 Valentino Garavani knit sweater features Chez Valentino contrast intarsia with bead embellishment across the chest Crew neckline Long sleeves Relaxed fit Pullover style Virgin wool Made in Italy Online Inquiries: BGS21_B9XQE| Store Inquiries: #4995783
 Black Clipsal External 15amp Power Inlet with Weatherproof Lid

==

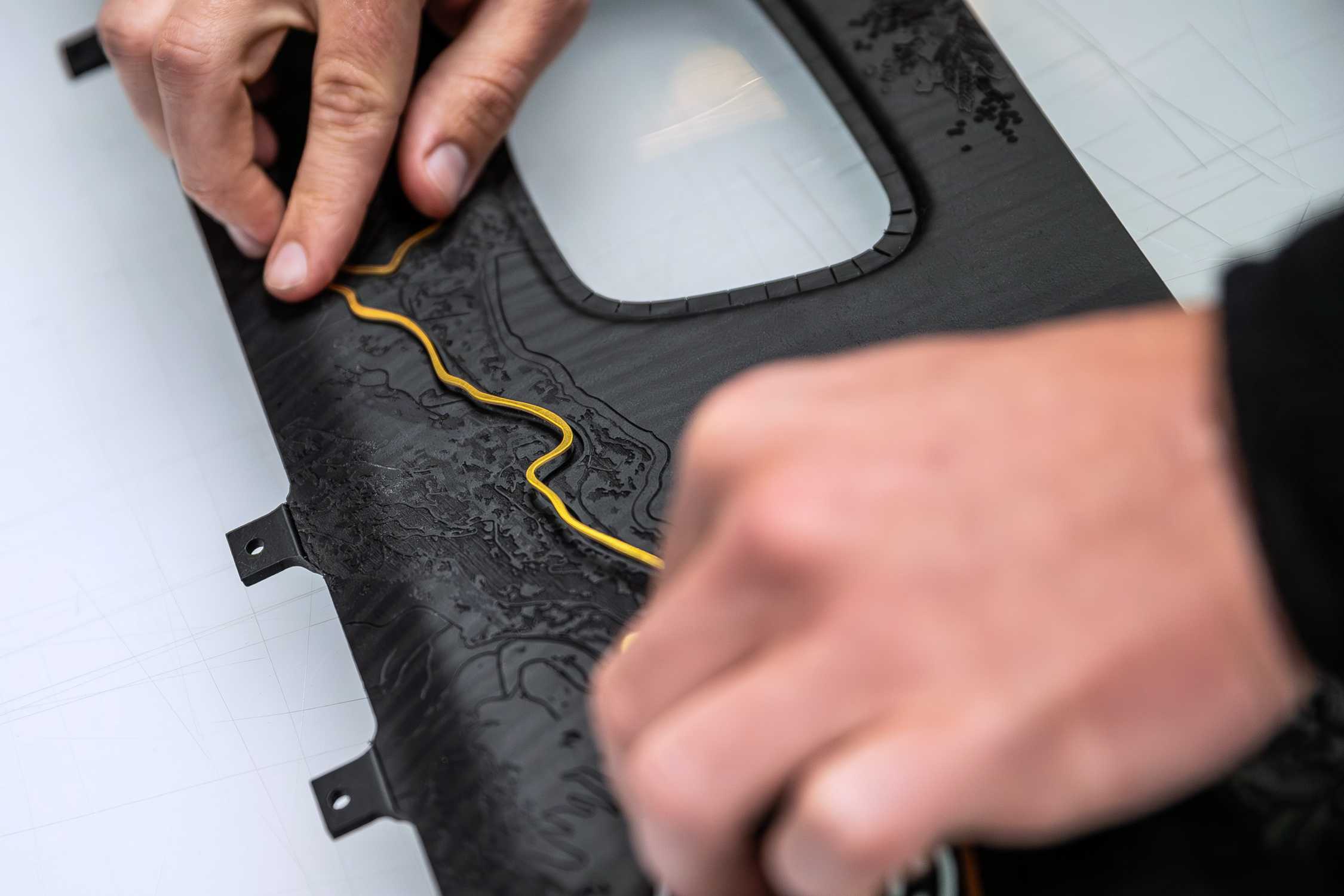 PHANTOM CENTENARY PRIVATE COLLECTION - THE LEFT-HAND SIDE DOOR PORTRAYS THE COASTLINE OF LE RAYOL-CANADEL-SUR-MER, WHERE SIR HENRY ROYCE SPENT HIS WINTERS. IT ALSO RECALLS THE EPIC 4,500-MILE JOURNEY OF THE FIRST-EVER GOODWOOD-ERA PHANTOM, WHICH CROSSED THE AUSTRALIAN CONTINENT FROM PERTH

* **What you should do**
Reproduce only the lines above spanning from the line containing "Valentino Garavani knit" through the line containing "Black Clipsal External", word for word.

* **Completed task**
 Valentino Garavani knit sweater features Chez Valentino contrast intarsia with bead embellishment across the chest Crew neckline Long sleeves Relaxed fit Pullover style Virgin wool Made in Italy Online Inquiries: BGS21_B9XQE| Store Inquiries: #4995783
 Black Clipsal External 15amp Power Inlet with Weatherproof Lid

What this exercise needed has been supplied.